ST. LOUIS (AP) — A Bosnian immigrant accused of funneling money and military supplies to terror groups in Iraq and Syria will remain in federal custody, after her lawyer told a judge Wednesday that he wants clarity on her immigration status before seeking bond.
Sedina Hodzic, 35, is among six people named in a federal indictment earlier this month. Her husband, Ramiz Hodzic, and another man were also named, along with two people from Illinois and one from New York State.
Sedina Hodzic’s attorney, Paul D’Agrosa, waived her request to be released on bond during a brief court appearance, but said he will revisit the request once her immigration status is made clear.
Afterward, D’Agrosa said that immigration authorities would detain Hodzic if she were freed, so she would simply move from one jail to another.
“I don’t want to say she’s an illegal immigrant because I don’t believe that’s true,” D’Agrosa said of his client, who has been in the U.S. 18 years. But, “There are too many uncertainties.”
The indictment says that the Hodzics have been living in the U.S. as refugees. A message seeking comment Wednesday from a U.S. Citizenship and Immigration Services spokesman was not immediately returned.
D’Agrosa said there is concern about Hodzic’s three children, ages 16, 12 and not quite 2. The children are staying with a friend while both parents are jailed.
Ramiz Hodzic, 40, faces a detention hearing Friday.
All six suspects are Bosnian immigrants accused of using Facebook, PayPal, Western Union and the U.S. Postal Service to coordinate shipments of money and supplies to terror groups, including one affiliated with al-Qaida.
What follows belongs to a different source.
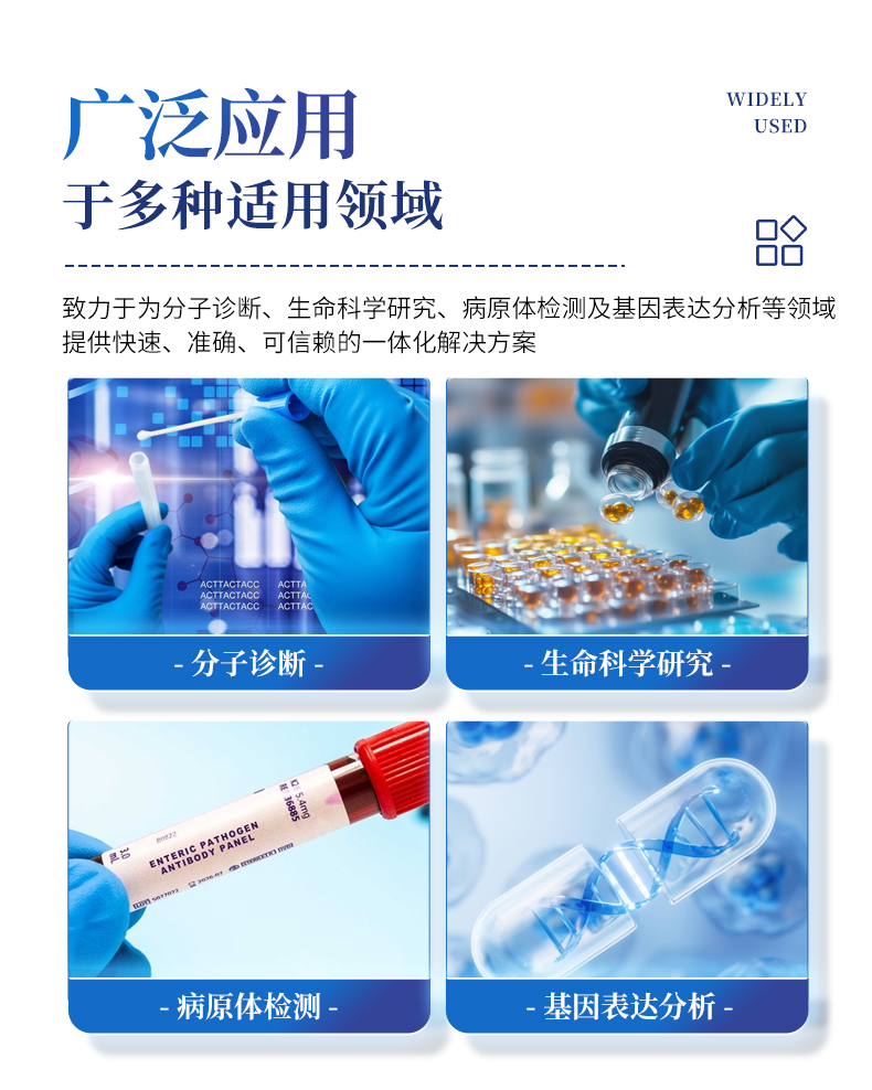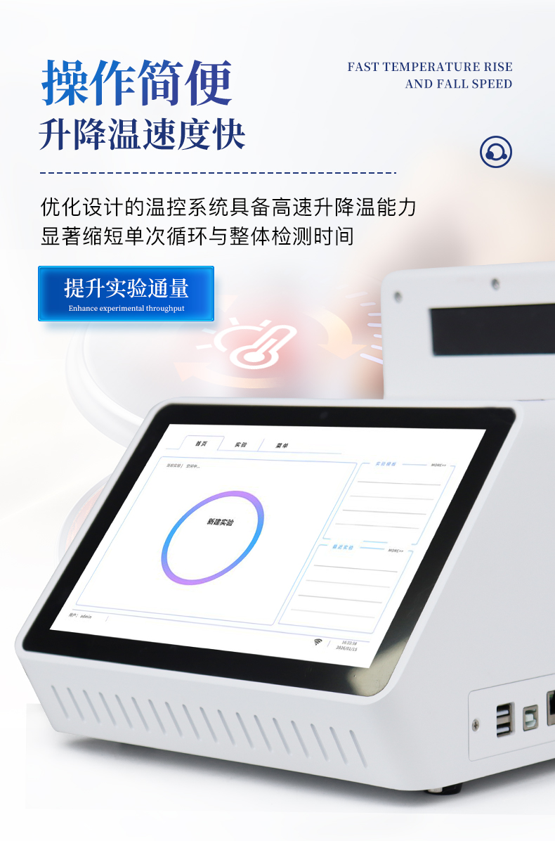 | 1.智能操作系統(tǒng),實(shí)驗(yàn)盡在掌握 | A雙模式靈活控制:支持通過(guò)儀器觸摸屏獨(dú)立運(yùn)行,也支持通過(guò)電腦軟件進(jìn)行遠(yuǎn)程控制與數(shù)據(jù)管理,適應(yīng)不同實(shí)驗(yàn)場(chǎng)景需求。 | B程序更新與預(yù)設(shè):支持在線更新實(shí)驗(yàn)程序,并內(nèi)置豐富的預(yù)設(shè)實(shí)驗(yàn)程序模板,用戶亦可自定義保存常用模版,實(shí)現(xiàn)一鍵快速啟動(dòng),極大提升操作效率。 | C極簡(jiǎn)啟動(dòng)體驗(yàn)(可選配):可定制集成攝像頭掃描系統(tǒng),用戶只需掃描樣品板或程序卡的二維碼,即可自動(dòng)識(shí)別并調(diào)用對(duì)應(yīng)實(shí)驗(yàn)程序,簡(jiǎn)化流程,避免人為設(shè)置錯(cuò)誤。 | D操作簡(jiǎn)單:無(wú)論是觸摸屏界面還是電腦軟件,均設(shè)計(jì)得直觀易懂,新用戶也能快速上手。預(yù)置常用程序模板,進(jìn)一步簡(jiǎn)化操作流程。 | 2.精準(zhǔn)穩(wěn)定的溫控與光學(xué)核心 | A長(zhǎng)久精準(zhǔn)的溫控系統(tǒng):采用進(jìn)口***TEC半導(dǎo)體制冷模塊,控溫精準(zhǔn)(±0.1°C),孔間溫度均勻性**(≤±0.3°C)。系統(tǒng)穩(wěn)定性卓越,長(zhǎng)期使用性能衰減小,校準(zhǔn)周期長(zhǎng)達(dá)數(shù)年,顯著降低維護(hù)成本與運(yùn)營(yíng)中斷。 | B免維護(hù)的靈敏光學(xué)系統(tǒng):配備4個(gè)獨(dú)立LED光源與4個(gè)獨(dú)立光電二極管檢測(cè)器,實(shí)現(xiàn)四通道熒光同步精準(zhǔn)檢測(cè)。采用超長(zhǎng)壽命進(jìn)口光源,設(shè)計(jì)壽命期內(nèi)免維護(hù),無(wú)需額外校準(zhǔn)或更換,保障檢測(cè)結(jié)果長(zhǎng)期一致性與高靈敏度。 | C卓越的數(shù)據(jù)質(zhì)量:實(shí)驗(yàn)線性相關(guān)性高(R2≥0.999),重復(fù)性優(yōu)異(孔間CV值低),確保定量結(jié)果準(zhǔn)確可靠,數(shù)據(jù)置信度高。 | 3.**便捷的數(shù)據(jù)與輸出管理 | A多重?cái)?shù)據(jù)導(dǎo)出方式:支持通過(guò)USB存儲(chǔ)設(shè)備直接拷貝,或經(jīng)由Wi-Fi無(wú)線網(wǎng)絡(luò)傳輸數(shù)據(jù)至本地服務(wù)器或云端,方便靈活,滿足各類實(shí)驗(yàn)室數(shù)據(jù)管理習(xí)慣。 | B豐富的報(bào)告導(dǎo)出與打印:支持生成并導(dǎo)出多種格式(如PDF、Excel)的實(shí)驗(yàn)報(bào)告。儀器兼容USB熱敏打印機(jī)、藍(lán)牙無(wú)線打印機(jī)及常規(guī)A4打印機(jī),可直接在儀器上或通過(guò)電腦一鍵導(dǎo)出并打印專業(yè)報(bào)告,便于結(jié)果存檔與即時(shí)分享。 | 4.快速**與堅(jiān)固耐用 | A升降溫速度快:優(yōu)化設(shè)計(jì)的溫控系統(tǒng)具備高速升降溫能力,顯著縮短單次循環(huán)與整體檢測(cè)時(shí)間,提升實(shí)驗(yàn)通量。 | B超長(zhǎng)使用壽命:核心部件均選用工業(yè)級(jí)耐用材料與設(shè)計(jì),整機(jī)運(yùn)行穩(wěn)定可靠,致力于為用戶提供長(zhǎng)久的投資回報(bào)。 | 三、應(yīng)用場(chǎng)景基礎(chǔ)科學(xué)研究、病原體檢測(cè)、肉制品摻假、轉(zhuǎn)基因檢測(cè)、食品安全檢測(cè)、藥物開(kāi)發(fā)及合理用藥、基因表達(dá)、水體監(jiān)測(cè)、松材線蟲(chóng)檢測(cè)、寵物檢測(cè)、養(yǎng)殖業(yè)疫病檢測(cè) |

The indictment accuses Ramiz Hodzic of making 10 wire transfers totaling $8,850, and arranging two shipments of military supplies valued at $2,451. Sedina Hodzic is accused of aiding one of those transfers and shipping six boxes of military supplies to an intermediary in Turkey.
The indictment alleges that the Hodzics were helped by Abdullah Ramo Pazara, another Bosnian immigrant who left St. Louis in May 2013 to fight in Syria. Authorities say he died in Syria.
About 70,000 Bosnian immigrants live in the St. Louis area, the largest population of Bosnian refugees in the U.S. Most are Muslim and arrived after the war that broke out in the early 1990s.
Leaders of the St. Louis Bosnian community have distanced themselves from the suspects, saying immigrants in St. Louis have worked tirelessly to embrace their adopted home.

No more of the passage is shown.